Затем мой школьный товарищ — а он и правда со мной учился, — загибая пальцы здоровой руки, начал перечислять наши эсминцы, потопленные или серьезно поврежденные под Нарвиком. Едва ли не профессионально владея предметом, он оперировал точными данными, рассказал, например, что один боевой корабль водоизмещением в тысячу восемьсот тонн — он привел и название судна — пришлось посадить на мель. Пальцев здоровой руки не хватило.
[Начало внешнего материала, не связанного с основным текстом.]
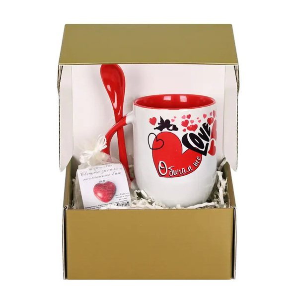 Подаръчен комплект "Обичам те" с чаша, лъжичка и чаена свещ с изображение.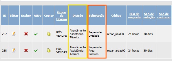 Nesta aba de divisões, é possível verificar todas as divisões cadastradas anteriormente, e incluir uma nova. Ao localizar a respectiva divisão, clique no ícone de edição e, após isso, será possível localizar as configurações da divisão.

Он знал мельчайшие тактико-технические подробности, вплоть до вооружения и количества узлов у английского дредноута «Уорспайт»; впрочем, и мы, дети портового города, могли назубок отбарабанить характеристики как своих, так и вражеских кораблей: водоизмещение, численность экипажа, количество и калибр орудий, наличие торпедных аппаратов, год спуска на воду. Тем не менее его осведомленность о сражении под Нарвиком нас поразила, поскольку он знал гораздо больше, чем можно было почерпнуть из каждодневных сводок, которые передавались по радио.

«Ни черта вы не знаете, что там было на самом деле. Тяжелые потери. Очень тяжелые!»

Несмотря на наше изумление, никто не возразил, и вопросов, откуда ему все это так доподлинно известно, мы не задавали — я не задавал.

Спустя полвека, когда обозначились первые последствия наспех свершившегося «объединения Германии», мы посетили родину моей жены Уты, свободный от автомобилей остров Хиддензее. Он вытянулся неподалеку от берега присоединенной Восточной Германии, уютно расположившись между морем и «бодденом», то есть морским мелководьем, поэтому угрожают острову не столько сильные штормы и вызванные ими наводнения, сколько разлившиеся повсеместно потоки туристов.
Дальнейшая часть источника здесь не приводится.